Ancak, Genel Kurmay Başkanı ve kuvvet komutanlarının topluca istifa etmelerini hiç kimse tahmin edemezdi sanırım.
43 general veya amiralin hukuka hesap vermek üzere tutuklu bulunduğu bir ortamda Sayın Orgeneral Işık Koşaner, kamuoyunda Türk Silahlı Kuvvetleri veya personeline bir suç teşkilatı izlenimi yaratılmaya çalışıldığını, yani bu personelinin tutukluluk hallerine tepki olarak görevden ayrılmak istediğini ifade etti.
Yargı süreci devam eden kişilerin peşinen suçlu gösterilmesi ne kadar yanlışsa, makamları veya rütbeleri icabı masum olduklarını, suç işlemez anlayışı içinde olmak ta o kadar yanlış olsa gerek.
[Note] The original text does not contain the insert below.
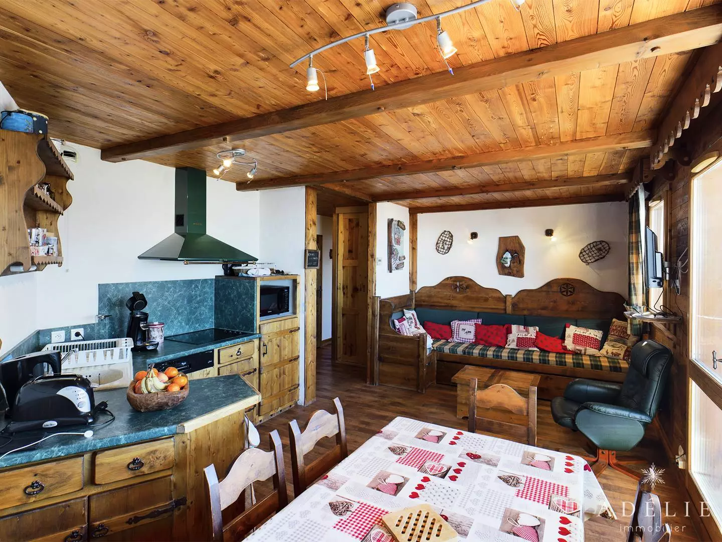 Fully equipped kitchen: ceramic hob, refrigerator, dishwasher, microwave.

Sayın Koşaner’in tutuklu bulunan birilerini kurtarmak gibi bir yükümlülüğü yoktur. Onları kurtaramamış olmanın ezikliğini yaşamasına da gerek yoktur. Böylesi bir meselede devlet krizi çıkarmanın da hiç mi hiç gereği yoktur.
Bütün sorunların hukuk çerçevesinde çözülmesini beklemek en doğal ve doğru tavır olurdu.
Peki, emeklilik talepleri ile bir kriz oluştu mu?
Her seferinde olduğu gibi yine hükümetin eli güçlendi. Tabir yerindeyse kriz hükümet için fırsata dönüştü.
Bütün dünya Türkiye’den “daha demokratikleşiyorlar” şeklinde söz etti.
Yaşanan sıkıntılar karşısında sivil otorite tökezlemedi. Birkaç saat içinde gereği yapıldı. Paşaların emekli olma istekleri saygı ile karşılandı, bunun gereği hemen yapıldı ve makamlarına yeni atamalar yapıldı.
İşte bu gelişme bile Türkiye’nin daha normalleştiği, taşların yerine oturduğu, kişilere göre değil yasa ve kanunlara göre her türlü sıkıntının bir çözümü olduğu gerçeği ortaya çıktı.
Birkaç yıl öncesinde bir olumsuzluk karşısında en rütbeli askerler istifa etmez, ancak siviller istifaya zorlanırdı. Darbe olmasa bile bir muhtıra yayınlanır ve şapkasını elinde tutanlar, arkasına bakmadan giderlerdi.
Askerlerin istifaları zaten bütün mekanizmanın bozulmasına, çarkların dönmemesine yeterli bir neden olurdu.
İşte halkımız ve dünya vesayetin sona erdiğini, demokrasimizin sözde değil, gerçekte geliştiğini iyi gördü ve takdir topladı.
Kim ne derse desin. Türkiye güçlü bir ülkedir. İktidarı güçlü, ekonomisi güçlü ve demokrasisi güçlüdür.
Bu durumda da demokratik kurumlar ve demokrat kişiler galip gelmiş, kriz beklentisi olanlar, eski alışkanlıklarından hala kurtulamayarak, tatillerini yarıda kesip başkente koşanlar yine sınıfta kalmışlardır.